Published on 07:37 PM, January 16, 2022

Why is Bhabadaha still waterlogged?

Authorities should consider using tidal river management (TRM) approach

Around 150,000 residents of these villages are going through unbearable suffering, because it is not only their croplands that are inundated, but their homesteads are also under knee-to-waist deep water. PHOTO: MOKAMMEL SHUVO

It is hard to believe that the residents of Bhabadaha region in the south of Bangladesh—consisting of around 52 beels in Jashore Sadar, Abhaynagar, Monirampur, and Keshabpur upazilas of Jashore, and Dumuria upazila of Khulna—have been suffering due to waterlogging for several years now. Reportedly, over one million people of the area have to face waterlogging for seven to eight months of the year, while for a significant portion of the people, this problem persists all year round. According to a report by this daily on January 16, around 120 villages in Jashore and Khulna are still submerged in water this winter. Around 150,000 residents of these villages are going through unbearable suffering, because it is not only their croplands that are inundated, but their homesteads are also under knee-to-waist deep water.

Our correspondent recently visited some of these villages and found that only the roads in those villages were above water. Villagers are going through severe financial hardship as they cannot cultivate in their lands due to the waterlogging. While many of them have turned to fish farming, that is not as economically rewarding as cultivating crops. 

Unfortunately, the various projects undertaken by the Bangladesh Water Development Board (WDB) to solve this problem have not yielded much result. Over the years, they have implemented a number of coastal embankment projects to stop tidal water from entering the villages, as well as various other projects to pump the water out from the region, but with little effect. According to experts and villagers, these projects are not well-thought-out, and thus are unlikely to solve the issue. They suggest that the tidal river management (TRM) approach is a more practical method that should be used here. In this method, an embankment is built around a beel, leaving two cut-points for water to enter and recede from there. When the water recedes during low tide, it takes the sediment deposited on the riverbed in a process of natural excavation. Thus, this method keeps the depth of the rivers and beels intact.

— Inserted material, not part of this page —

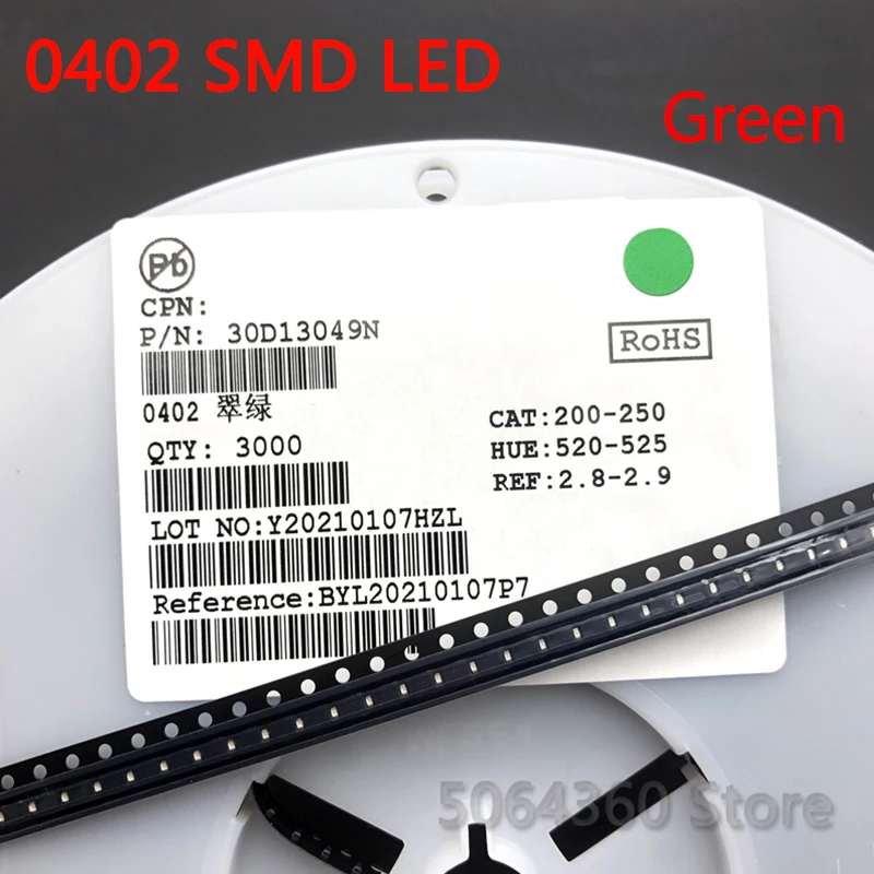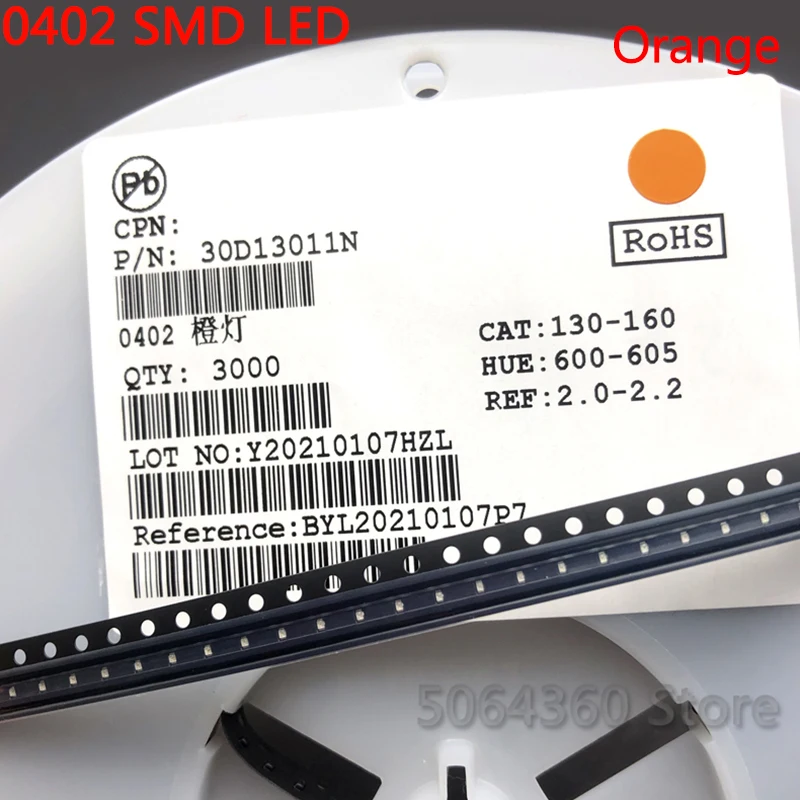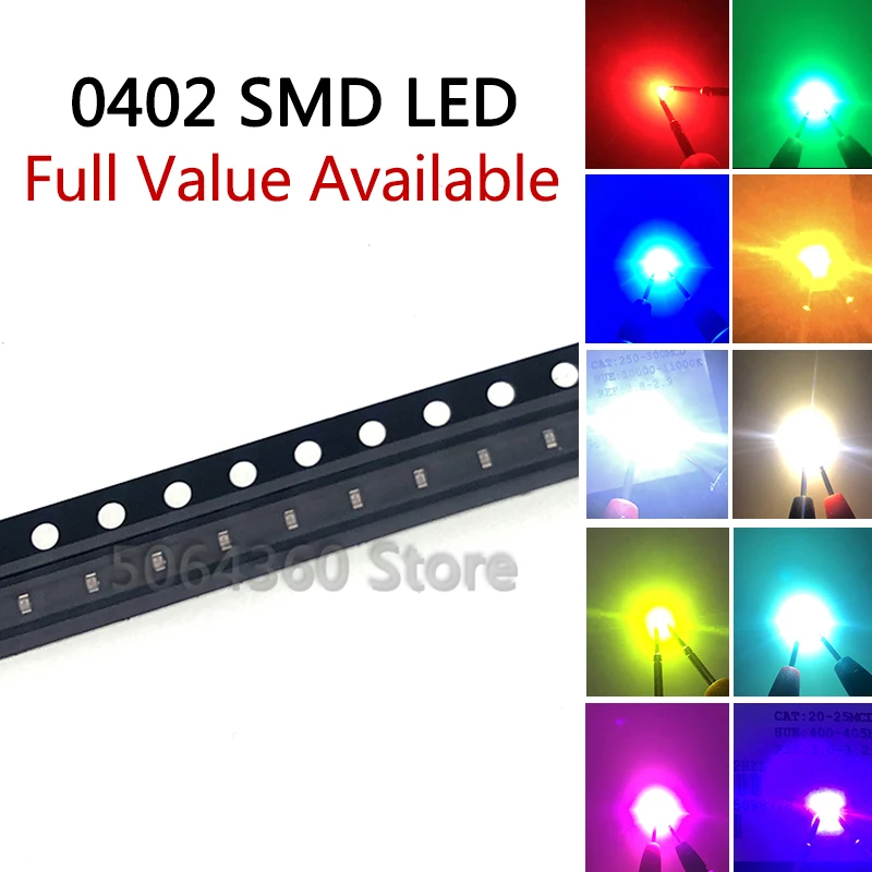 3000 шт полный барабан 0402 SMD светодиодный светоизлучающий диод Выбор цвета: белый, теплый белый, холодный белый, красный, зеленый, синий, желтый, розовый, оранжевый, желто-зеленый, фиолетовый, светло-голубой
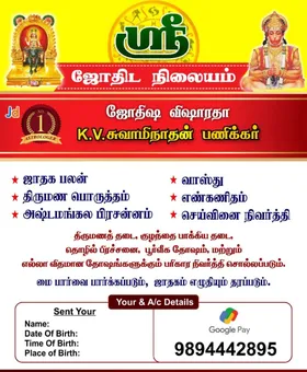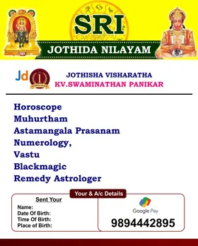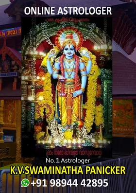 The Panikkar family is the most famous family in Kerala for doing pooja. KV.Swaminathan Panicker was born in that family, in that lineage. He has been doing astrology, prasnam, pooja methods and homams for ten generations. In that family they are very involved in Vishnu Maya Puja. In that Vishnu Maya Pooja, the pooja that can solve all blackmagic problems, problems, hardships etc. Vishnu Maya Pooja is done by KV.Swaminathan Panikkar very well. Horoscope can be viewed by phone and online.

According to the Centre for Environment and Geographical Information Services (CEGIS), TRM is less expensive, technically feasible and also environmentally friendly. According to the organisation, there was less waterlogging in the Bhabadaha area before 2012 because of the implementation of the TRM. People in the affected areas also want this approach to be implemented by the WDB to save them from the perennial waterlogging. The question is, what is stopping the WDB from taking this approach?

We urge the authorities concerned to take expert suggestions on the issue into consideration as well as listen to the people of the region, and take pragmatic approaches to solve the problem, thereby saving over a million people in the region from such unnecessary sufferings.